I must say that Elumelu is one Nigerian entrepreneur I admire a lot and I have never hidden it. Why? He is not pursuing his own success alone but also wants to make a success of others. This is not something you can easily say of most Nigerian or African billionaires. His initiative, the Tony Elumelu Foundation Entrepreneurship Programme, is reputed as the largest African philanthropic initiative committed to empowering African entrepreneurs and entrepreneurship on the continent. In 2015, he ushered in the “Decade of the African Entrepreneur” by committing $100 million to the entrepreneurship programme “to empower 10,000 entrepreneurs across the continent”.
The goal is that the 10,000 entrepreneurs will collectively create one million jobs and generate $10 billion during the 10-year period. So far, the foundation says it has trained, mentored and funded over 9,000 young African entrepreneurs across 54 African countries through its entrepreneurship programmes. It provides capacity-building support, advisory and market linkages to over one million Africans through its digital networking platform, TEFConnect. This is very much in line with Elumelu’s “Africapitalism” philosophy — the idea of positioning the African private sector as the engine for growth and empowerment as well as prioritising social and economic wealth creation.

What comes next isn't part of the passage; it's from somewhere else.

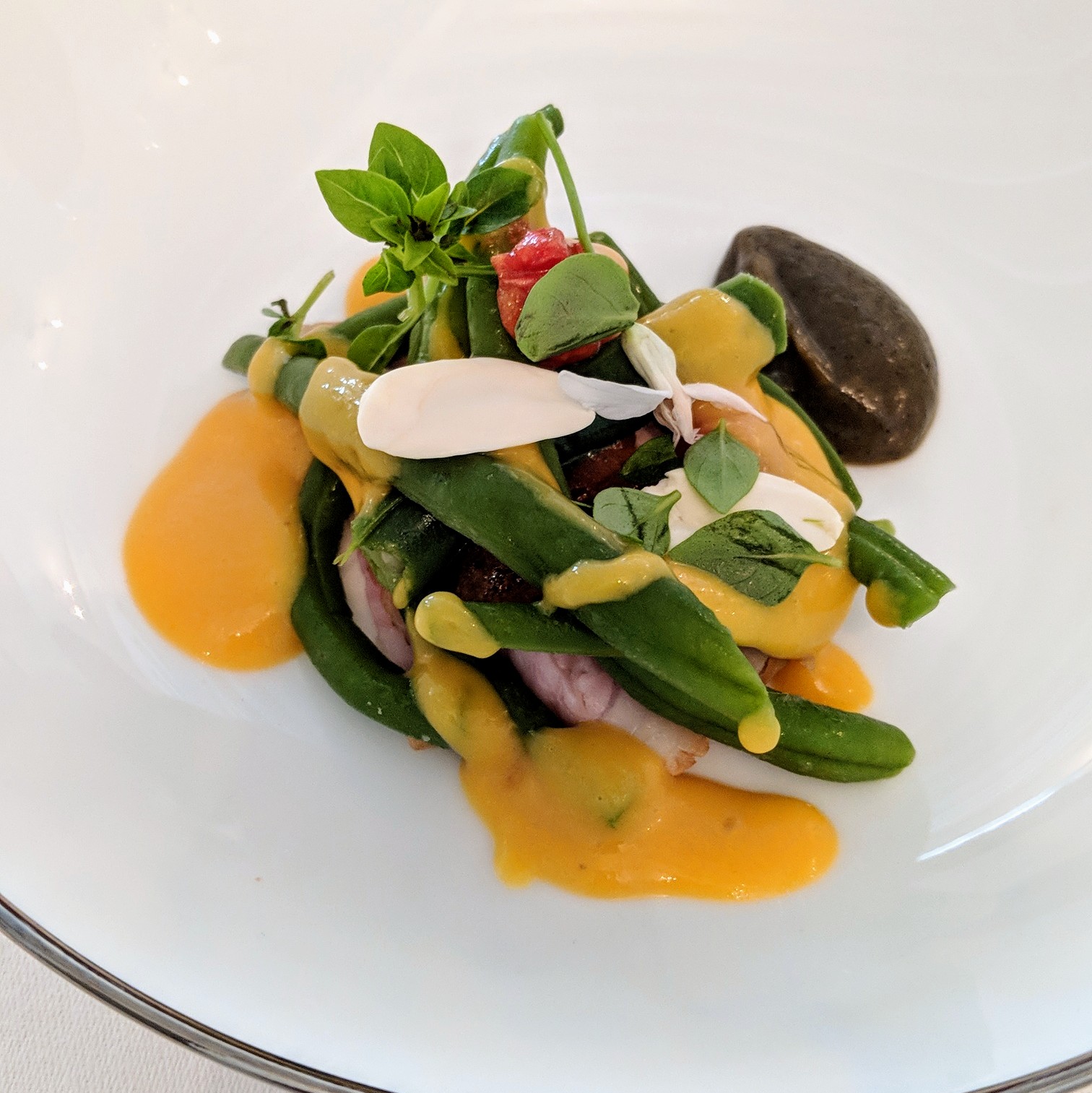 Un splendide déjeuner.Des mises en bouche subtiles,un poisson le saint pierre merveilleux par la qualité du produit et sa juste cuisson,un porc ibérique très moelleux et un dessert à se damner..évidemment au chocolat

The OML 17 acquisition comes with its own challenges, though. One is the local community dynamics in Rivers state, which might have discouraged Shell and its partners in the first place, but it would appear that was what Elumelu was referring to when he said he is from the Niger Delta and understands “engagement with communities”. There is also a growing global action to reduce dependence on fossil fuels. This is expected to negatively affect the future of crude oil. But many also argue that oil will always be relevant in the energy mix. As of today, it is still the most traded commodity, dusting steel, soya beans, iron, corn, gold, copper and aluminium, among others.
I conclude. Yes, the acquisition of 45 percent stake in OML 17 by Heirs Holdings and Transcorp is a major addition to indigenous operatorship in Nigeria’s upstream oil sector. This is some good news in these harsh times, more like riding against the tide. Yes, Elumelu has continued to show ambition as he expands his interests in the economy. I am happy for him. Yes, this is some cheery news at a time we are battling with recession and insecurity in Nigeria. However, my parting shot would be a warning: there is still a lot of work to do. The ultimate is for Elumelu and his team to make a major statement with a world-class performance with this new asset. Fly the Nigerian flag higher!